Граф хорохорился, как молодой индюк, хотя его никто не уполномочивал становиться между мужем и женой. Я молчал и не противоречил ему, потому что знал, что мщение за чужую жену ограничится одним только пьяным словоизвержением в четырех стенах и что о дуэли будет забыто завтра же. Но почему молчала Ольга?.. Не хотелось думать, что она была не прочь от услуг, которые предлагал ей граф. Не хотелось верить, что у этой глупой красивой кошки было так мало достоинства, что она охотно согласится, чтобы пьяный граф стал судьею мужа и жены…
– Я его с грязью смешаю! – провизжал новоиспеченный рыцарь. – Наконец я ему пощечину дам! Завтра же!
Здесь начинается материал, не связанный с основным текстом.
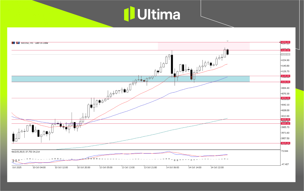 Market sentiment started the week cautiously, driven by the dual impact of escalating US-China trade tensions and the ongoing US government shutdown. Last Friday, the Trump administration announced plans to impose a 100% tariff on Chinese imports, effective November 1st, escalating the trade dispute between the two largest economies. Beijing criticized the move and warned it would take “corresponding measures” to safeguard its interests. This trade friction dampened risk sentiment and boosted demand for safe-haven assets like gold.
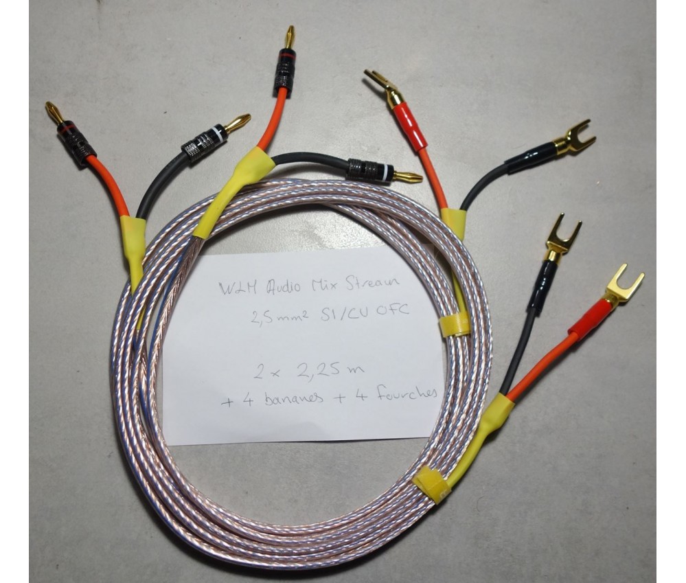 Câbles haut-parleur / enceintes / speaker montés - W&M Audio Mix Stream 2,5 mm² SI/CU OFC 2 x 2,25 m + 4 bananes + 4 fourches plaquées or
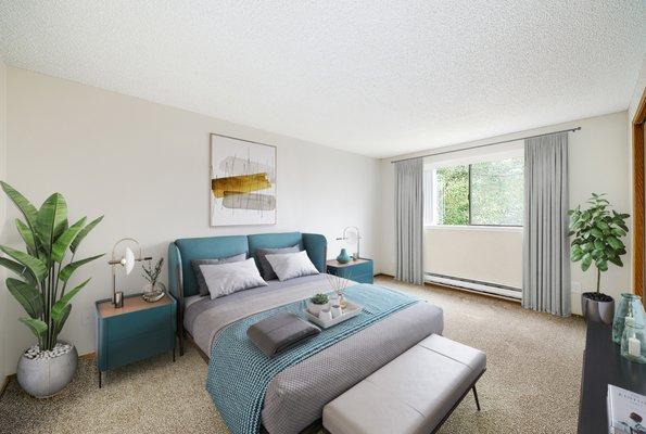Hampton Court Apartments in Everett, WA, offers a refined living experience with two-bedroom apartments featuring cozy wood-burning fireplaces and in-unit laundry. Nestled in a central location, residents enjoy easy access to work, shopping, dining, and recreational activities, along with beautifully landscaped grounds and community amenities like an on-site basketball court.
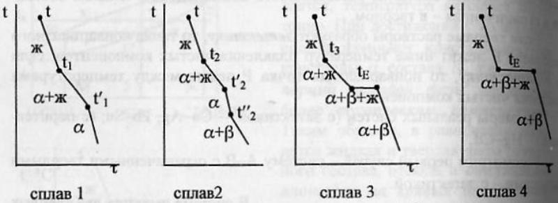 Кривые охлаждения четырех сплавов.
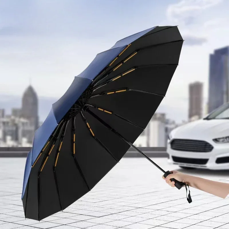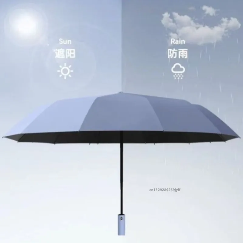 12K Double Bones Black Glue Automatic Umbrella With Thick And Durable Keel Three Fold Umbrella UV Resistant Folding Umbrella

И она не зажала рта этому прохвосту, оскорблявшему спьяна человека, который был виноват только в том, что обманулся и был обманут! Урбенин сдавил сильно ей руку, и это вызвало скандальный побег в графский дом, теперь же на ее глазах пьяный нравственный недоросль давил честное имя и лил грязными помоями на человека, который в это время должен был изнывать от тоски и неизвестности, сознавать себя обманутым, а она хоть бы бровью двинула!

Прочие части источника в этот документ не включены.